The memory consistency model lies at the heart of the semantics of any threaded software or hardware. Arguably, it has been one of the most challenging and contentious areas in concurrent hardware and software specification for many years. There is finally now a convergence in both the hardware and software communities. Adve has been a common thread and a leader in the multiple community-scale efforts that have driven this convergence.

The memory consistency model is a hardware/software interface, affecting programmability and performance. Unfortunately, designing a model satisfying all desirable properties has proven difficult. Sequential consistency is simplest to program, but most systems do not provide it for performance reasons. Instead, we had divergent models (often ambiguously specified) for different hardware.

Adve’s early work departed from the prevalent hardware-centric approaches to use a combined hardware/software view more appropriate for an interface. She observed that for well-synchronized programs (which she formalized as data-race-free), both sequential consistency and high performance can be provided. She developed a comprehensive framework to specify memory models as providing “sequential consistency for data-race-free programs.” Adve’s data-race-free model forms the foundation of the memory models for Java and C++.

In addition, Adve has also been a leader in power- and reliability-aware architectures. Her group was among the first to recognize that significant power reductions required breaking traditional system boundaries in favor of a collaborative, cross-layer system-wide power management framework.
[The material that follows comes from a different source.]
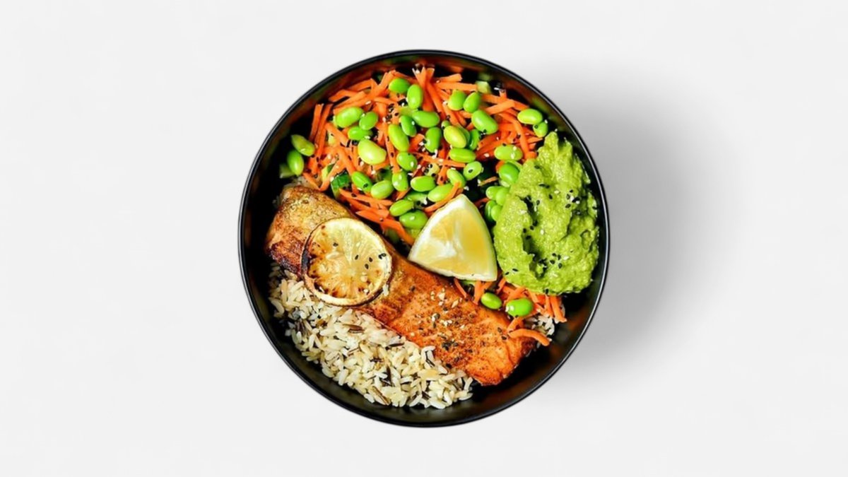 Ingredients: Shredded Carrots, cucumber, smashed avocado, edamame, wild rice or tricolour quinoa , salmon, lemon wedge , sesame seeds . Nutritional Value (per serving): • Calories: 484 kcal • Protein: 34.9 g • Carbohydrates: 34.9 g • Fats: 23.9 g • Fiber: 8.6 g

Most recently, Adve’s work has challenged the research community to rethink how both parallel languages and parallel hardware are designed.  Adve recently won honors for her DeNovo system, which exploits emerging software trends in disciplined parallel programming to make hardware simpler, higher performance, and lower energy, all at the same time. As their first step, Adve and her research team have developed a cache coherence protocol and consistency model that takes an order of magnitude less time to verify and runs some applications in less than half the time with less than half the network traffic and cache misses than the state-of-the-art. The simplicity and low network and cache traffic means that the performance increases come with significant power and energy benefits, a rarity in hardware design.

Adve serves on the Board of Directors for the Computing Research Association and received the 2008 SIGARCH Maurice Wilkes Award.  Professor Adve received an IBM Faculty Award in 2005, was named a UIUC University Scholar in 2004, and received an Alfred P. Sloan Research Fellowship in 1998, an IBM University Partnership award in 1997 and 1998, and a NSF CAREER award in 1995. She is a Fellow of the ACM and IEEE.

She served on the National Science Foundation's CISE directorate's advisory committee from 2003 to 2005 and on the expert group to revise the Java memory model from 2001 to 2005. She co-led the Intel/Microsoft funded Universal Parallel Computing Research Center (UPCRC) at Illinois as its director of research in its founding year (2008-09). She currently serves on the board of directors for ACM SIGARCH.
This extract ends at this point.